In March of 1853, President Franklin Pierce appointed Hawthorne Consul in
Liverpool, England. In July Hawthorne moved his family to Liverpool from Concord, and he assumed his position as Consul on August 1. In October of 1855, in an attempt to improve her health, Sophia went to Lisbon. She took Rose, the Hawthornes' second daughter, born on May 20, 1851, and Una with her, and they stayed in Lisbon until June. Julian remained with Hawthorne in Liverpool.
In November of 1856, Melville visited Hawthorne in Liverpool, and he visited
him again for a short time in May of the following year. In October of 1857,
when Pierce did not receive the presidential nomination, Hawthorne left his
position as American Consul in Liverpool, knowing that his appointment would
end. In January of the following year, Hawthorne and his family travelled to
France, and from January 17 to May, 1858, they lived in Rome. From May to October,
Hawthorne and his family lived in a villa in Florence. Hawthorne wrote about
his experiences in Italy in his notebooks, and he began work on the romance
published in America under the title, The
Marble Faun: Or, The Romance of Monte Beni. Also while in Italy, Hawthorne
met William Cullen Bryant, Robert and Elizabeth Barrett Browning, and the American
sculptor William Wetmore Story. In June of 1859, Hawthorne and his family moved
to England where Hawthorne finished writing The Marble Faun which was
published in London in February of the following year under the title Transformation
and was published the following year in America.
Hawthorne and his family moved back to the Wayside in Concord, MA in February
of 1860. At that time Hawthorne renovated the house, adding a tower
that became his study.
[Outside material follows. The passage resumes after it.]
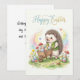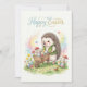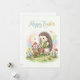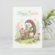 A charming watercolor illustration of an adorable hedgehog holding a floral pink umbrella with Easter eggs on soft grass. Perfect for a whimsical spring greeting.

Two years later, in March of 1862, Hawthorne, Ticknor,
and U.S. Representative Charles Russell Train called on President Lincoln in
a visit arranged by Hawthorne's friend, Horatio Bridge. A short time later,
Hawthorne published "Chiefly About War Matters By a Peaceable Man," an essay
on the Civil War, which reports on his visit with Lincoln. In May of that year,
Hawthorne attended the funeral for Henry
David Thoreau who died of tuberculosis.
In January of 1864, Bronson Alcott called on Hawthorne to try to learn the cause of Hawthorne's coolness toward him and his family. Hawthorne tactfully identified Bronson's wife, Abba, as the problem. A few months later, Hawthorne travelled to New Hampshire with Franklin Pierce. It was on this trip on May 18/19 that Hawthorne died in his sleep. He is buried in Sleepy Hollow Cemetery in Concord, MA near Emerson and Thoreau along what is now known as Author's Ridge.